“Broadband television will ultimately adopt the attributes of the web, providing access to an almost limitless selection of programs,” said Dr. William Cooper, a convergent media specialist and co-author of the report released Monday.
Cable TV, the study asserts, can only offer a couple of hundred stations because it is limited by the fact that it broadcasts all of its channels over its network all the time. IPTV, on the other hand, delivers one channel at a time to viewers’ homes, using various video compression formats.
The report, “IPTV: Broadband Meets Broadcast —The Network Television Revolution,” concludes:
- Within a decade, video services delivered over broadband networks will be firmly established as an alternative platform to digital satellite, terrestrial and cable transmission.
- The real competition will come not between operators of rival platforms, but between closed and open networks.
- Television will become more like the web, as scheduled broadcast channels are displaced by the choice of millions of download and on-demand programs.
- Broadcast television services will be challenged by an open source TV distribution model, offering a much more diverse choice of free and pay programming over the Internet.
Radium owns Interactive Television Networks, which offers XTV using IPTV to deliver nearly six dozen adult content channels.
“We already have experienced phenomenal growth,” Prast said. “XTV is light years ahead of New Frontier [Media], Playboy and Spice.
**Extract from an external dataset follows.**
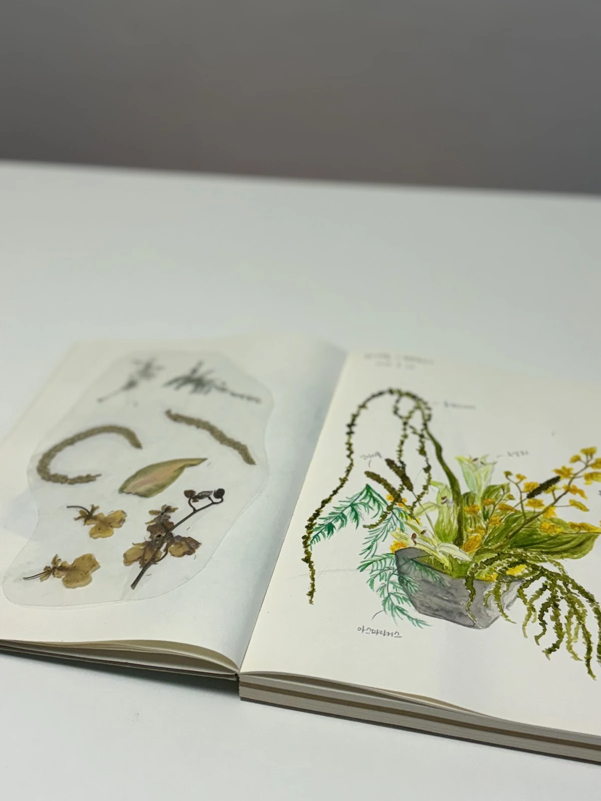 중간에 디자인도 한번 갈아엎고 몇 번의 수정을 하고도 여전히 만족하지 못하고 있던 찰나, 살구쌤의 조언에 따라 정말 꽃 머리 하나를 오히려 제거하니 작품이 전체적으로 시원해지고 답답했던 부분이 해소되었다. 이전 같았으면 소재 하나를 딱 하나 추가하면 전체적인 작품이 살았던 것에 반면, 비워내는 것에 정답이 있는 게 신기했다.

We offer 70 channels for the price of just one of those channels, and our customers are delighted to experience them uncensored.”
Interactive Television Networks, or ITVN, sells a $100 set-top box to receive XTV and charges $30 a month for a package of channels.
Now ITVN is expanding its offerings with more mainstream fare. The first new package is Silver Screen, a $5 collection of nine channels featuring old black-and-white movies. It also plans to roll out a Russian and Ukrainian news channel for $10.
Verizon is currently testing its own IPTV service in Texas, and other companies, such as TiVo and SBC, are also experimenting with IPTV.
The 200-page report on IPTV includes 25 case studies and provides an assessment of the fast-emerging landscape.